I work as a weekend door schlub at a bar near a fancy college, which means every year I spend the Saturday before Halloween reminding the world's smartest morons that their masks do not make them invisible so they still need to follow the standard rules regarding where to pee and whom to touch. And yes, cash only, even though you have a furry purple cape (we get a lot of King Fridays).
But even though my personal circumstances preclude me from getting fully into the holiday spirit, I try not to project negativity toward any reasonable adult looking for an excuse to wear weird tights and eat little candy bars whilst drinking. With this in mind, I headed down to the liquor store to take a quick survey of the spookiest options available for the Halloween drinker determined to spare the wallet and spoil the liver on a wide array of terrifying boozes.

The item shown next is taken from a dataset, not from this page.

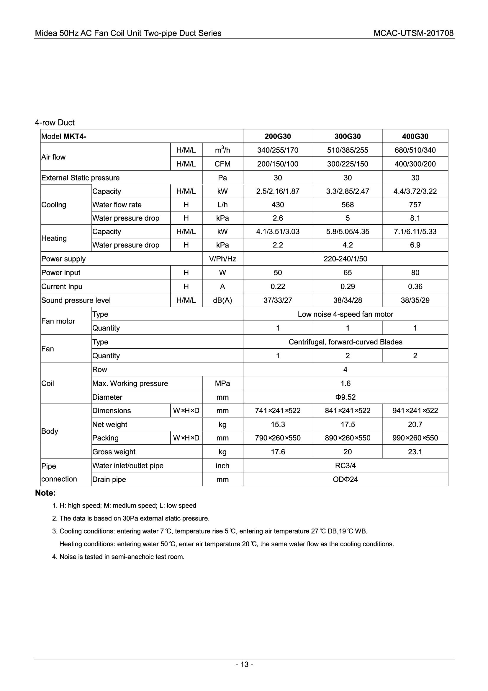 Midea nisko i srednje-pritisni kanalski Fan-coil

DeKuyper Island Blue Pucker Sweet and Sour Schnapps
There aren't supposed to be blue foods. Even Frito-Lay knows this, which is why the blue Doritos are actually orange. But I guess you can't question nature's bounty, so if the combination of pineapple, kiwi, lime, and orange depicted on the label somehow produces a 30-proof imitation liqueur that looks like windshield washer fluid and tastes like green Hi-C with vanilla frosting backwash, so be it. It's not harsh or painful and there is actually a tiny bit of balance between the sweet and the sour, so I guess a half-pint of Blue Pucker isn't the worst possible way to spend 99 cents.
Oh look, the worst possible way to spend 99 cents! This nip comes to us from the heartless bastards at Polynesian Products of Louisville, Kentucky, and though I must give it due credit for packing a 99-proof punch, I am also compelled to report that it tastes like someone floated a moldy banana muffin in a puddle of garbage juice, spit the last swig of a Keystone Light into it, and set it on fire.
Parrot Bay Frozen Mango Daiquiri
This is much better than I expected it to be, but still nowhere near worth the hassle. How much hassle is it to freeze a 10-ounce foil pouch of booze the color of a troubled tween's nail polish? Not much hassle at all, but for $2.49 and a measly 5% alcohol, I want an attached straw and perforated straw-hole, and this juice box delivers neither. You have to squeeze it out into a glass, which seems lacking in both dignity and festivity.
Margaritaville Spiked Tea
This is terrifying simply on account of being the 5.5% ABV alcopop hatechild of Jimmy Buffet and Anheuser-Busch. Would you be shocked to find out that it's very, very bland? This is what your least interesting aunt drinks on vacation. But, snidery aside, it's not awful, if for no other reason than it lacks the character necessary to truly offend the palate. It tastes like crappy canned iced tea, with no evidence of alcohol or ambition, but it'll do if you ever find yourself stuck on the world's lamest boat.
Buffalo Bill's Strawberry Blonde Ale with Ginger
Sight unsipped, this one actually has a lot going for it. I like strawberries and ale and ginger, the buffalo is a regal beast of burger, and my dad was named Bill. This only qualified for the spooky list by virtue of the price: $3.99 a sixer at a store where the PBR goes for $5.99. (I assume this is a special past-season liquidation price.) It turns out this is a pretty fair fruit beer. It tastes mostly like you'd expect, strawberries and ginger, though I wasn't anticipating the quick blast of cheese on the back end. But to be fair: It costs significantly less than Pabst, and who doesn't like cheese?
Smirnoff Ice Green Apple Bite
I do believe this was my first sip of Smirnoff Ice. A very friendly bartender tried to shame me into drinking a bottle the day after my wedding, but I had no interest in drinking it or in testing the "This is grounds for an annulment" look in Emily's eyes, so I passed. But with the witching season upon us I figured I was obligated to confront my fears, and lo and behold it's not so bad, as these malternative numbers go. There's a little bit of sour apple on top of the sweet cheap cider taste, and I could probably finish the bottle if I set my mind to it.
My uncle Pete is a Busch man and a good man, but other than that I have no positive associations with this low-end A-B afterthought, and neither does anyone else. It's good to know there is a sustainable mass of people who revere Uncle Pete enough to keep this slop on the market, but it's not good to know that there are 36 more ounces of it festering in my fridge. Busch tastes like someone took all the sunshine and love out of a Bud Light.
Cortijo Rosado 2010
Like the strawberry buffalo juice above, this Spanish rosé hit the list due to off-season pricing: 99 cents for a 750 mL bottle of wine at my local shop. Glass bottle, even, with a real cork. And 2010's not that old, right? Depends where it's been, I guess. This 50-50 blend of tempranillo and garnacha had the potential to be the official holiday wine of the Gordon household, just as long as it didn't taste like, say, 25-year-old grocery store olive oil that you lost the cap to so for the last 11 years it's been sealed with a greasy sheet of toilet paper and a rubber band. Oh well.